In alt.support.diabetes Stacey Bender <
[email protected]> wrote:
: Doug Freyburger wrote:
: > Exactly, and I just wrote that above in a very different
: > form. Most of the stress is on the common knowledge and
: > on what seems to be obvious. The approach does not work.
: > The fact that some *do* manage to keep it off means there
: > *are* approaches that do work.
: In the weight loss registry people who kept off over 60 pounds (i think)
: for more than 5 years, 91% exercised their ass off. Most people aren't
: willing to do that.
: People have made a calculation, pleasure now is better than the promiss
: of health in the future. Living longest is not the main outcome to
: optimize for. Food is the main soure of pleasure for most people. The
: calculation is rational.
: > I see very little study of trying to figure out what
: > are the non-obvious things that people do when they
: > successfully keep it off.
: 25% or so won't get fat simply because that's their biology. I would
: like to be one of them
: > Figure out how to
: > avoid fattening situations mentally. Firgure out how
: > to avoid binge trigger foods physically.
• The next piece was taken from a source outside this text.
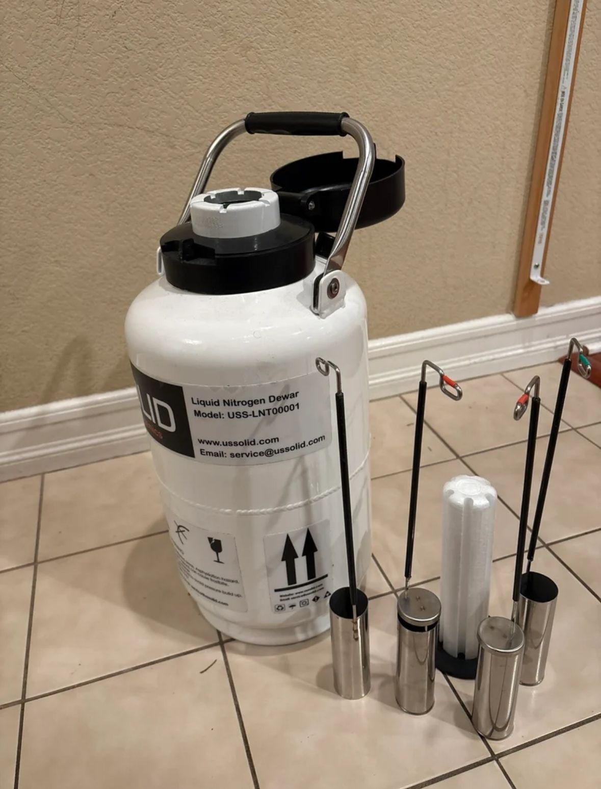 Cryogenic liquid nitrogen (LN₂) dewar tank used for cold storage/transport. Includes the neck plug and the internal canisters/racks shown in the photos (multiple metal canisters + hanger assembly). Great for lab/biotech use, specimen storage, or other cryogenic applications.

: That implies you think it worth the effort to do so. That implies you
: deeply feel losing weight is important. I truly think most people just
: give lip service to the idea of losing weight because they think they
: should. In the end the pleasure of food wins because that makes people
: happier now.
: > And our biology has both physical and psychological aspects.
: I think as we find more about the physical aspects, as we have for other
: issues, the psychological aspects have become the hocus pocus baseless
: conjecture they are.
: > At this point I have the physical aspects learned. It's
: > not enough. I'm satisfied with my state in that my
: > original goals of no back pain and no loud snoring are
: > handled, but I am still above my best weight. Am I
: > sucessfull because I'm satisfied and my goals are
: > acheieved? Yes. Am I blocked by those facts from doing
: > what it takes for what others would expect for me to be
: > successfull? Also yes.
: Five years of any sustained weight loss is great. It's a daily battle
: thought isn't it?
I have kept my weight loss for over 15 years and am not a big exerciser.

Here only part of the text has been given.